Five things We Need To Get Going
-
A bit of Linux knowledge (Linux users may skip this)
“Why Linux when I use $GARBAGE_OS for my analyses?”, you might ask. Well, I will not judge you for liking garbage. Hell, I’ve lived off of garbage for a long time. But docker basically runs on Linux. You might have heard about Docker for Windows, but that runs on the Linux subsystem for Windows (WSL), not Windows itself. So here’s everything you need to know about Linux to use docker. Linux runs basically on the command line, and with docker, it’s best to get used to that. While Docker desktop exists, I consider it enshittified UI trash; personally, I find dealing with the command line clearer and, frankly, easier. The command line lives in the terminal, in Windows that’s the cmd or powershell thing. You start it and type in commands. The commands you need to know with docker are quite simple actually. There’s
cd, short for change directory. It takes a path after it as an argument, which is the destination where you want to go and sets your working directory of the command line to that folder. You can input any valid folder path into cd, it will take you there.#this changes the working directory of the command line to the mbess-project folder cd home/documents/r-projects/mbess-projectAnother interesting command is cp. This literally means copy paste and takes two file paths as an argument: The origin and destination paths. Note that if the filename in the destination already exists, it is overwritten without asking. If there is no source file by that name, it is created without asking (i.e. an empty file spawns at the destination).
#This copies the file "text.txt" from documents to downloads cp home/documents/text.txt home/downloads/text.txtThen you might want to know about ls. This command lists all files and folders in your current directory (or another specified directory) and gives you a broad overview what to get.
#gives all contents of the mbess-project folder cd home/documents/r-projects/mbess-project lsYou can view files in the command line with
cat. You can also insert a path to a file that is not in your current working directory.#this prints the file contents to the command line cat filename.r -
Docker/podman
Docker and podman are container software. Containers are cool, because they are like virtual machines, just smaller and less intensive for your digital abacus.

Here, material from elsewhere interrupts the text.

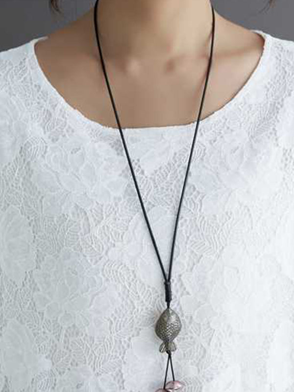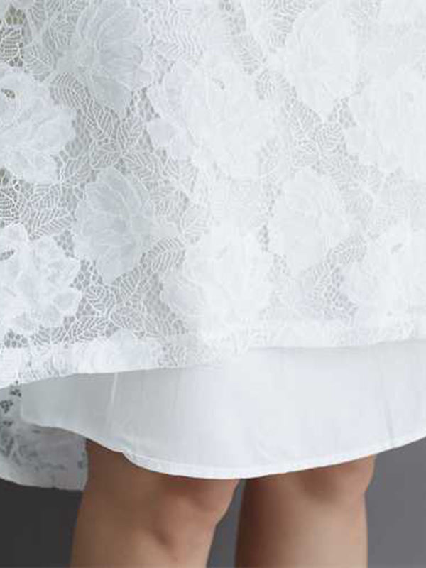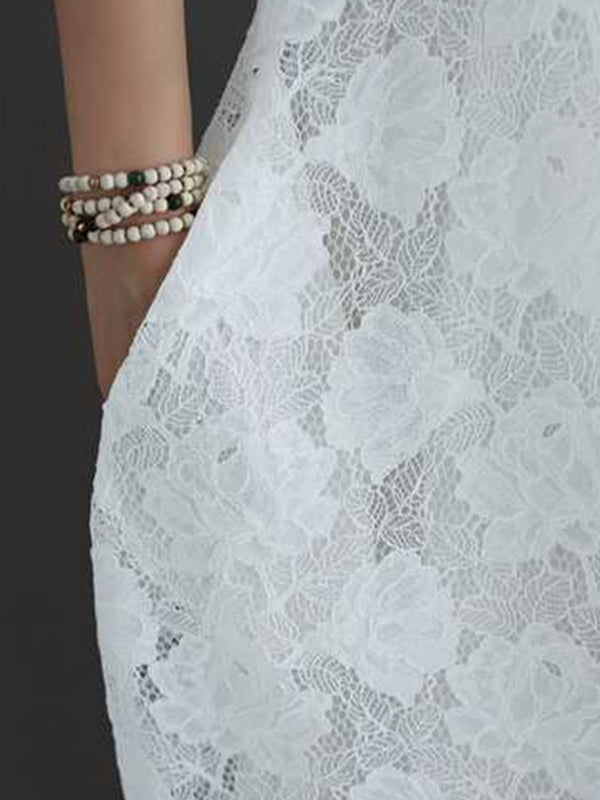 Half Sleeves Loose Hollow Solid Color Round-Neck Midi Dresses

They can provide a backend running some operating system, and also provide pre-installed software that runs on that operating system. You can detach and attach them from your machine with one command. Isn’t that handy?As an example, docker was used to deploy images for phishy mailbox, a phishing research software Thorsten Thiel and I created. You plug it in and use it in the browser, no matter what your operating system behind the browser is. If you’ve ever been barred from using software because your system can’t run it, think about how cool it is to not need to care about that.

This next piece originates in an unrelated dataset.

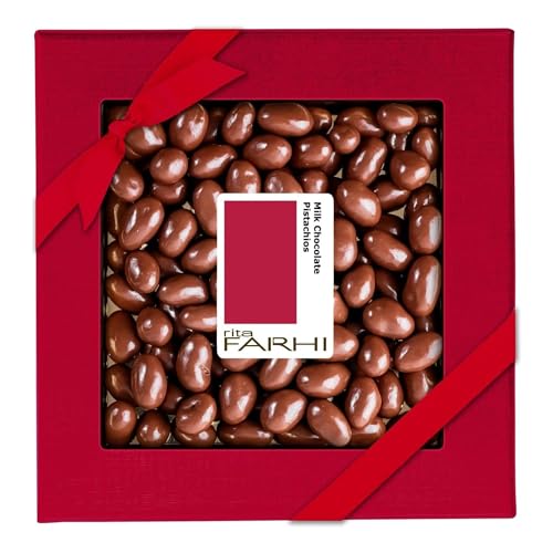 Rita Farhi Milk Chocolate Pistachios Luxury Gift Box 210g – Belgian Chocolate Covered Pistachio Nuts, Palm Oil Free, Vegetarian Gift for Birthdays & Celebrations

Docker is the more seasoned version of the two, and is somewhat proprietary, but free to use for non-profit things or private persons—it also (still) scales better with really big applications and clusters than podman. Podman is a free and open source container software, which is becoming more and more popular among the community. It is highly compatible with docker and basically does most of the same things. I will focus on docker in this post, because I personally haven’t dabbled with podman much so far, and don’t feel too confident talking about it. But eventually, it is my goal to implement this approach fully with podman as well.
Installing Docker
You usually always need admin rights to install docker, this is true for any system if I remember correctly. This most likely means contacting your IT department if your IT is somewhat centralized and knows what it’s doing, so keep this in mind. On Windows, the easiest way to install docker is through Docker Desktop (and then forget about docker desktop). On Mac you will need homebrew or something—you may google this, I am not a Mac user and do not intend to burden my brain with knowledge of that system.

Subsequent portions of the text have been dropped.